The last discussion of the day descended most deeply into the realms of philosophy of culture and history. This panel featured Marci Shore and Yaroslav Hrytsak and was moderated by Krzysztof Czyzewski, who introduced with words about the need to create a positive vision, a horizon for tomorrow, while maintaining faith in the great power of what is small. Shore spoke of her position as a historian who looks a bit from outside, from outside Europe, which entails that questions about Central European identity are particularly difficult for her. She invoked the poem "nothing bad even happens here" by Wiktoria Amelina, while beginning a story about trauma, ghosts chased away and being erased, which returns and haunts memory again and again. Through the story of Russian historical narratives, psychological repression and denial categories, the historian reached the essence of a very concrete ethic, which is based on the responsibility to speak the truth, always, at all times.

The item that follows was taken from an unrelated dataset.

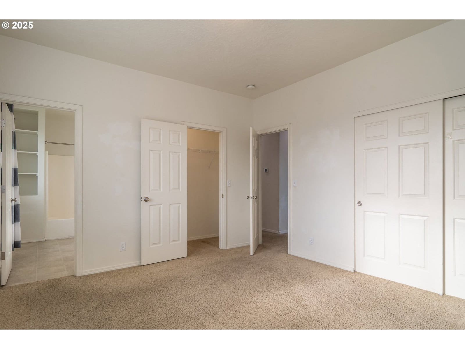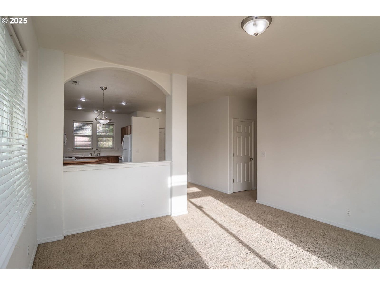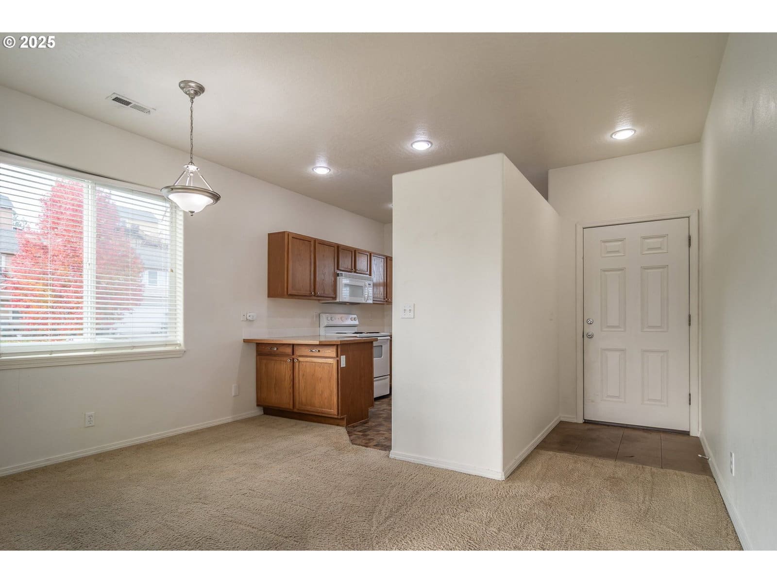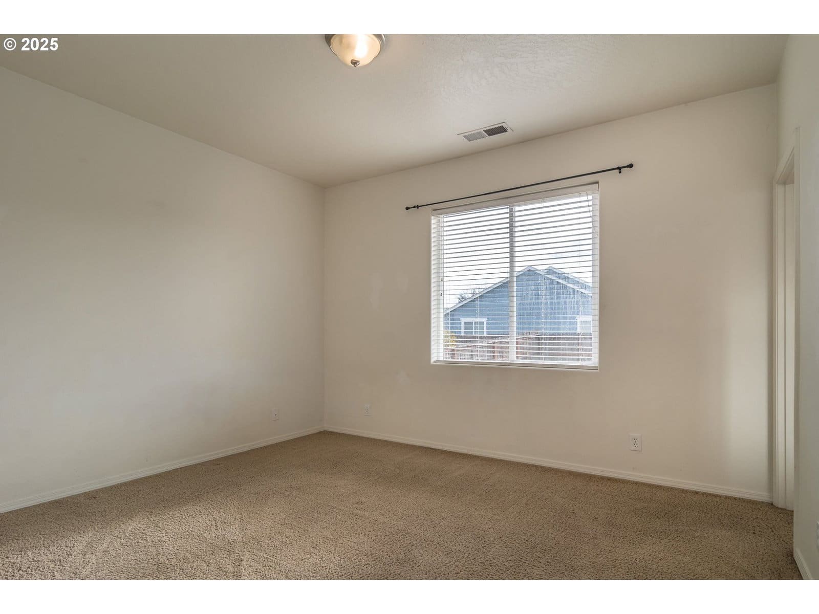 This charming 3-bedroom, 2-bath home sits on a large, fenced corner lot in a desirable area of the Green District. A covered, columned entryway creates a warm welcome, while high ceilings throughout enhance the home's open, spacious feel. Large windows with blinds fill the interior with natural light. The open-concept layout connects the kitchen, dining, and living areas, ideal for both daily living and entertaining. A sliding glass door off the living room leads to a concrete patio—perfect for outdoor gatherings. The primary bedroom features double closets and a private en-suite bath. A separate laundry room offers ample shelving for storage and organization. Outside, the large backyard is enclosed by a wooden privacy fence with a gate for convenient access. Additional highlights include a two-car garage with extra storage space, a new roof installed in 2023, and a new hot water heater added in 2024.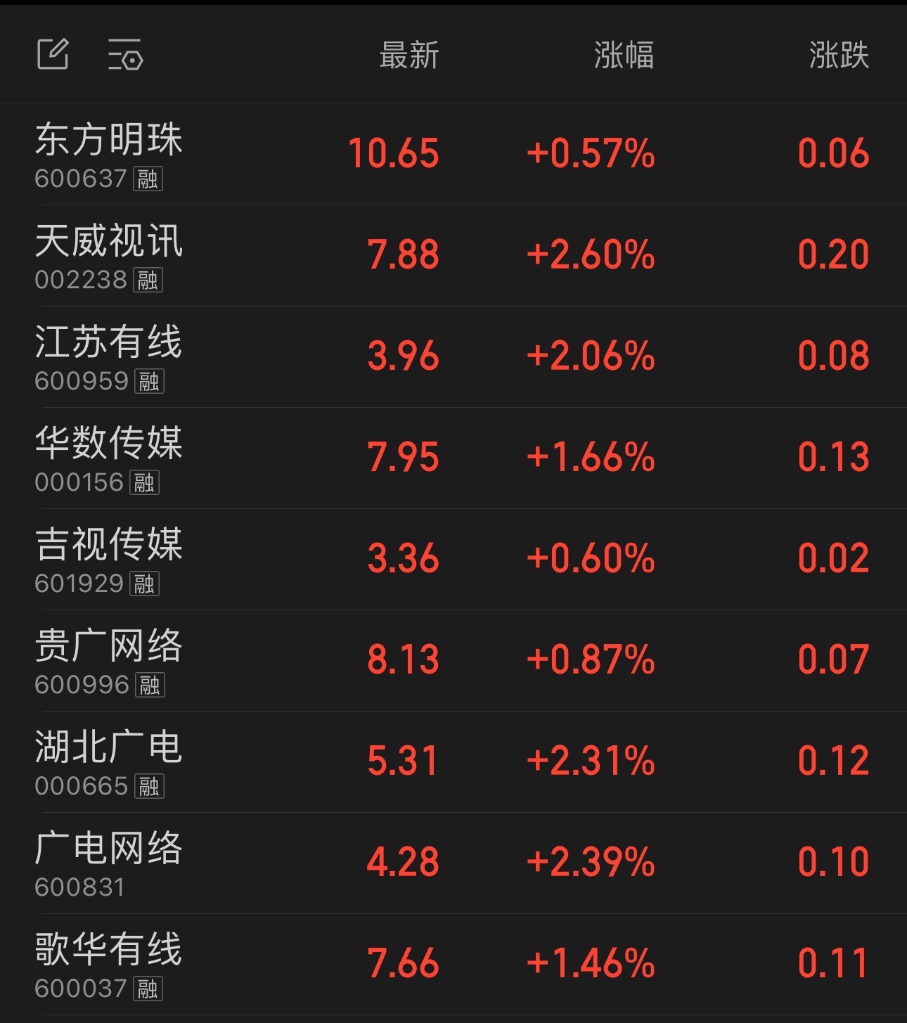 广电网络板块涨跌幅情况:

For Shore, that which is positive and alive, is related to the great gift of people to create something new, to create from nothing. This is also how Maydan can be understood, as a kind of flash that allows one to see that something else is possible, because, after all, it has already happened, it has come into existence, even if only in the blink of an eye. In a similar vein, Yaroslav Hrytsak spoke, thinking about the thin, fragile limits of historical memory, which has the power to act both as a medicine, a remedy, and as a poison that infects the present and the future. Ukrainian history, filled with extreme, radical violence, virtually devoid of a mythical time, a golden age that would lie somewhere in the past, leans even more towards utopia, towards the imagination of a new, different world. In Hrytsak's story, Ukraine, is also a very diverse country, unable to be locked into one dominant narrative, rather a place of different stories and histories, and this is, after all, an important affliction of Central Europe.
The Transcarpathian region, Uzhhorod, is today the heart of Europe, a place where the thought and idea of the center of this world has special strength. Remote on the map of the country, it remains safe, lying at the very central European borders, and is free from the direct aggression consuming Ukraine. But all of this is also a story about the fluidity of those borders, a war that easily shatters them, a Central Europe whose real energy can be to bridge "beyond," to create a world and change beyond what seems possible. It is in Uzhhorod that Ukraine's path toward the new is seen more clearly and distinctly, where pragmatism meets the vision of change, a new horizon that surpasses today's tragedy of war and a past filled with violence. Thoughts, ideas resounding at the meeting, a celebration of Europe Day, circulated in this space of tomorrow, participants speaking in Ukrainian, Polish, English led reflection on Central Europe, which has its history of ideas, but, faced with the dilemmas of modernity, today's violence, resistance, needs a completely new language. The day ended with Café Europa event, in a small użhorodz cafe we listened to Ukrainian, Armenian, Polish, English, Georgian, Belarusian poetry, each carried in its own native word. Raphael Roginski's music seems to bring these worlds together in a single story, the guitar tracks sculpting a space full of tension, vague energy, movement and memory in the powerful silence that fell after the sounds of poetry. I guess it is the listening that has the most of utopia in it, always open remains sensitive to new emotions, thoughts, ideas that are born in this fluid relationship between the world and the one who listens to it.